Today (4 Oct) the National Council for Voluntary Organisations (NCVO) released the results of a survey of 98 of their member organisations who are sub-contractors within the Work Programme. Their findings were, to say the least, worrying.

A third of organisations said they had yet to receive any referrals and about half said that referrals were significantly less than expected. This is a problem, and one that has already led high-profile charities such as St. Mungo’s to leave the programme. It looks as if other charities are also concerned that they may be forced to leave as well, with 71 per cent saying they believe their contracts are at risk of failure in the next six months.

These worrying figures are driven by several different factors. Most importantly, Employment and Support Allowance (ESA) claimants, who come with a much higher payment for success than Jobseeker’s Allowance (JSA) claimants, have not been referred to the Work Programme in the quantities forecast in the Invitation to Tender (ITT).

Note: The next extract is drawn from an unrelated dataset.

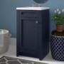 This small bathroom vanity set is ideal for maximizing storage in compact spaces. Measuring 18.5" wide by 16.75" deep, this narrow single-sink vanity features a 1-door under-sink cabinet for easy access to your plumbing and open storage space. Its inset recessed-panel door is accented by a satin nickel door pull for added style and convenience. The pre-assembled bathroom cabinet is constructed of laminated engineered wood and is complemented by a 1-piece cultured marble countertop.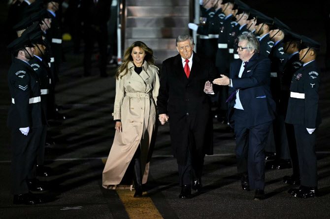 | | 도널드 트럼프 미국 대통령 부부가 영국 국빈 방문 첫날인 16일(현지시간) 영국 런던 스탠스테드 공항에 도착했다.(사진=AFP) |

Only 39 per cent of the predicted ESA and Incapacity Benefit (IB) claimant volume has actually come through, partially a result of slower than expected implementation of the Work Capability Assessment and the high number of appeals. This has hit sub-contractors in the charity sector disproportionately hard, as they are more likely to be dealing with these claimants.

It certainly can’t help that a shocking 80 out of 98 of the organisations questioned felt they had not received help from their prime contractor managing the payment structure of the Work Programme. This figure should certainly prompt prime contractors to take another look at the ways they can help the organisations in their supply chains.

Thankfully it wasn’t all bad news, as the survey indicates that in the voluntary and charity sector at least, there is little of the ‘creaming and parking’ that many critics of the Work Programme feared.

But what does this mean for the future of the Work Programme? Whilst there is some evidence to suggest that the number of ESA and IB claimants being referred to the Work Programme is rising, it is not clear if this will translate into more referrals to the charity and voluntary sector. The government has, to its credit, been trying to improve this, and it should continue these efforts and encourage primes to help protect sub-contractors from the impact of low ESA flow. However, even if flows increase, it is still a tough job market. Sadly it might prove difficult for many charity and voluntary sector sub-contractors to live up to the expectations of contracts based on inaccurate forecasts and designed with a recovering economy in mind.